Merge drive replacement related sections into one

seunghun1ee · seunghun1ee · commit f38f54772289 · 2024-06-14T16:26:07.000+02:00
diff --git a/doc/source/operations/ceph-management.rst b/doc/source/operations/ceph-management.rst
@@ -89,11 +89,60 @@ And then remove the host from inventory (usually in
 Additional options/commands may be found in
 `Host management <https://docs.ceph.com/en/latest/cephadm/host-management/>`_
 
-Replacing a Failed Ceph Drive
------------------------------
+Replacing failing drive
+-----------------------
 
-Once an OSD has been identified as having a hardware failure,
-the affected drive will need to be replaced.

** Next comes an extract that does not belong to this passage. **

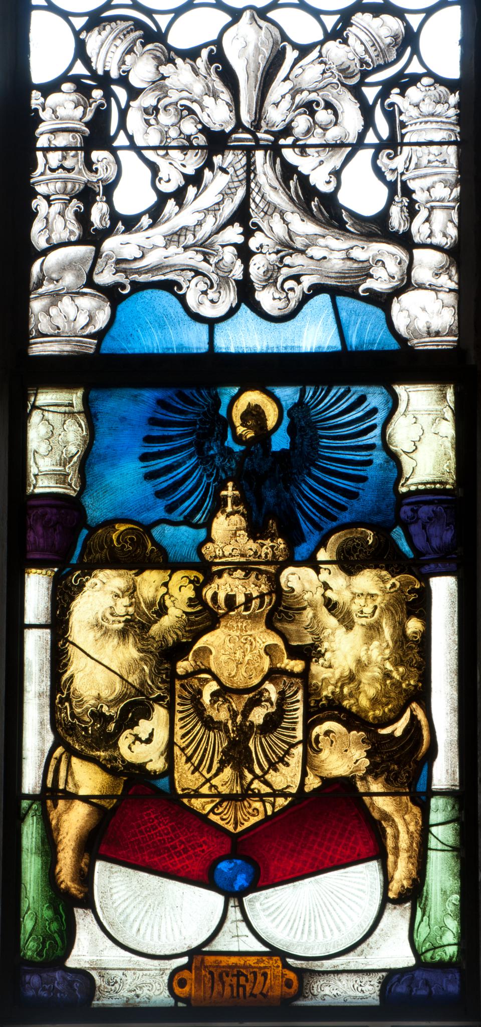 Vor blauem Grund steht die Wappenpyramide Solothurn-Reich auf dem niedrigen weissen Podium. Sie wird von zwei ebenfalls darauf postierten Löwen gehalten. Auf dem bekrönten goldenen Wappenhelm sitzt der Reichsadler mit dem Reichsapfel in den Klauen. Das Stiftungsjahr 1522 befindet sich auf der rostfarbenen Tafel am Scheibenfuss. Die seitliche Rahmung bilden zwei schlanke, in der unteren Hälfte ausladende, grün gefärbte Säulenschäfte mit violetten Kapitellen und Basen. Der die Scheibe bekrönende, opulente Renaissance-Giebel im oberen Fensterfeld ist eine moderne Kopie.

+A failing drive in a Ceph cluster will cause OSD daemon to crash.
+In this case Ceph will go into `HEALTH_WARN` state.
+Ceph can report details about failed OSDs by running:
+
+.. code-block:: console
+   # From storage host
+   sudo cephadm shell
+   ceph health detail
+
+.. note ::
+
+   Remember to run ceph/rbd commands from within ``cephadm shell``
+   (preferred method) or after installing Ceph client. Details in the
+   official `documentation <https://docs.ceph.com/en/latest/cephadm/install/#enable-ceph-cli>`__.
+   It is also required that the host where commands are executed has admin
+   Ceph keyring present - easiest to achieve by applying
+   `_admin <https://docs.ceph.com/en/latest/cephadm/host-management/#special-host-labels>`__
+   label (Ceph MON servers have it by default when using
+   `StackHPC Cephadm collection <https://github.com/stackhpc/ansible-collection-cephadm>`__).
+
+A failed OSD will also be reported as down by running:
+
+.. code-block:: console
+
+   ceph osd tree
+
+Note the ID of the failed OSD.
+
+The failed disk is usually logged by the Linux kernel too:
+
+.. code-block:: console
+
+   # From storage host
+   dmesg -T
+
+Cross-reference the hardware device and OSD ID to ensure they match.
+(Using `pvs` and `lvs` may help make this connection).
+
+See upstream documentation:
+https://docs.ceph.com/en/latest/cephadm/services/osd/#replacing-an-osd
+
+In case where disk holding DB and/or WAL fails, it is necessary to recreate
+all OSDs that are associated with this disk - usually NVMe drive. The
+following single command is sufficient to identify which OSDs are tied to
+which physical disks:
+
+.. code-block:: console
+
+   ceph device ls
+
+Once OSDs on failed disks are identified, follow procedure below.
 
 If rebooting a Ceph node, first set ``noout`` to prevent excess data
 movement:
@@ -130,25 +179,6 @@ spec before (``cephadm_osd_spec`` variable in ``etc/kayobe/cephadm.yml``).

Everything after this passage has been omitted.